The passengers who had been on board the ship have all now been evacuated.

Tedros Adhanom Ghebreyesus is the WHO's Director-General.

"We can say confidently that this phase of the operation was successful... Almost 150 people from 23 countries were on this ship for weeks, in what must have been a very frightening situation.”

The Director says the World Health Organisation does not believe the hantavirus outbreak is the beginning of another COVID like epidemic.

"So far, 11 cases have been reported, including three deaths. All 11 cases are among passengers or crew on the ship... All suspected and confirmed cases have been isolated and managed under strict medical supervision, minimising any risk of further transmission. At the moment, there is no sign that we're seeing the start of a larger outbreak.”

But authorities have been taking no chances.

There are six locals caught up in the fray: four Australian citizens, one permanent resident and the other a New Zealander.

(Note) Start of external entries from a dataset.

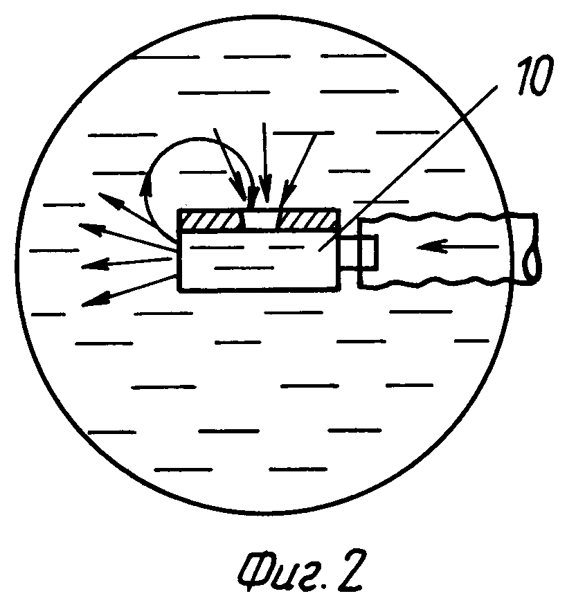 гидроакустические излучатели 10, не имеющие фиксированной направленности. Контроль за давлением жидкости на входе в емкость (акустическую систему) осуществляют манометром 11. Повышение
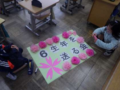 送る会を行う予定の各教室用の掲示物を作っています。紙の花を丁寧に開いたり、バランスよく文字を張り付けたりしました。
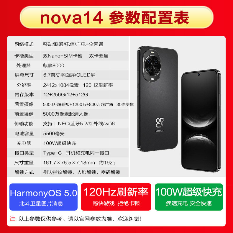 Huawei 华为 nova 全网通NFC鸿蒙智能手机平面屏华为官方旗舰店正品 上市 官网红外线学生游戏手机 新款
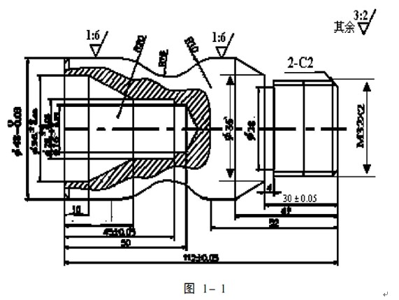 如圖 1- 1所示,零件主要包括凸凹圓弧、 圓柱面、 外螺紋、 退刀槽、 內(nèi)孔等。在加工帶錐體、 圓弧類零件以及配合件加工時(shí),采用刀具半徑補(bǔ)償編程,可以防止零件表面產(chǎn)生過切或欠切現(xiàn)象, 確保工件的尺寸和形狀精度。
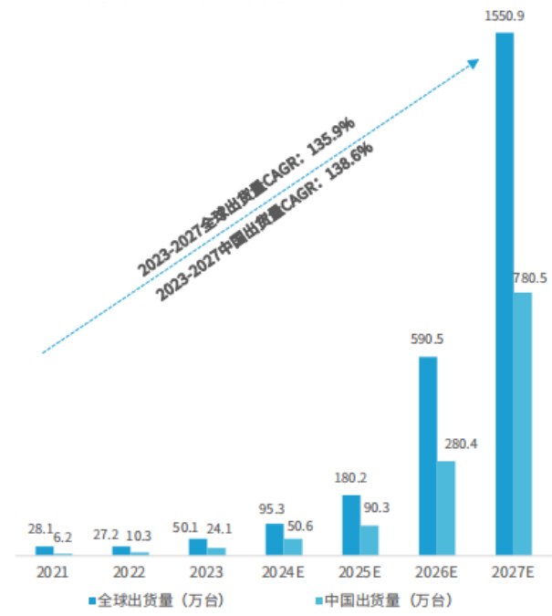 毕竟单在2023年AR设备在全球中以及中国的出货量就已经达到了50万台和24万台!并且还预计了2023-2027年全球AR设备出货量复合增长率为135.9%,而中国复合增长率为138.6%!
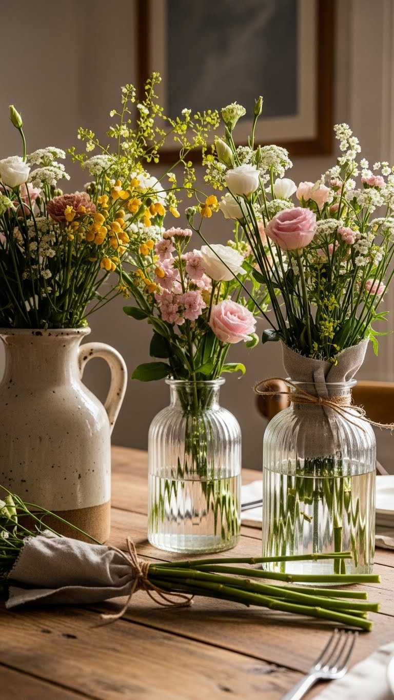 You’ll arrange stems in a vintage budvase, tuck sprigs of greenery, and tie stems with a velvet ribbon. The look feels curated, airy, and free—romantic without fuss, perfectly on-trend.
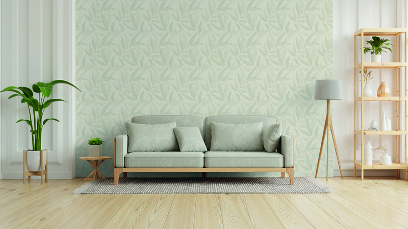 - Subtiel bladmotief in zachtgroen en zilvergrijs voor een natuurlijke uitstraling
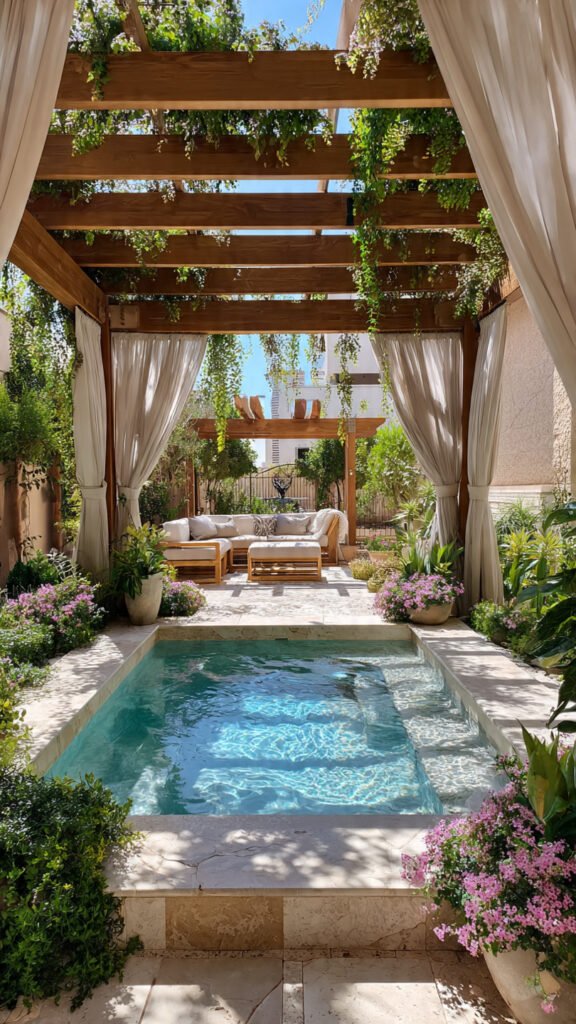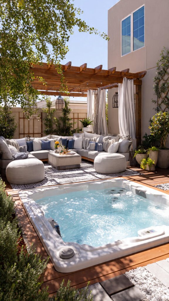 Adding a pergola or canopy creates structure and shade. I love how it frames the jacuzzi visually. The space feels intentional and upscale. It adds architectural interest. Doesn’t overhead structure make outdoor spaces feel complete? It elevates everything.

Australia's health minister Mark Butler says they have now been flown back to Australia from the Netherlands, landing in Perth under strict conditions.

"The six passengers are still in good health. They have all tested negative for hantavirus and are showing no symptoms as well. All passengers and all crew members will travel this flight for its duration in full PPE. There are very strict conditions about the flight, about the landing."

Dr Maria van Kerkhove says the World Health Organisation recommends a 42-day quarantine period once passengers are back home, with daily health checks.

"We are leaving this up to the countries themselves to actually develop their own policies. But our recommendations are very clear, and this is really a cautionary approach to make sure that we don't have any opportunities for this virus to pass from others.”

Mark Butler is happy to follow the WHO's advice.

He says the six will now spend time at a federal government-managed quarantine facility in the Perth suburb of Bullsbrook, which was established during the COVID-19 pandemic.

"Many countries that are already repatriating passengers from this cruise ship - the US, the UK and others - are only subjecting their repatriated passengers to a managed quarantine arrangement at a hospital or at a centre like Bullsbrook, usually for two or three days, and then allowing those passengers to move into a home-based quarantine arrangement. We have decided on a precautionary basis to take a stronger approach to that."

He says Australia's quarantine protocols are deliberately tough.

"Which have been developed by our Centre for Disease Control and approved and endorsed over the last little while by our AHPC, the Australian Health Protection Committee - which is essentially the committee of all of the jurisdictional chief health officer, chaired by the Commonwealth Chief Health Officer. Australians can have very high confidence that we are doing everything to ensure that this repatriation of those six passengers is undertaken completely safely."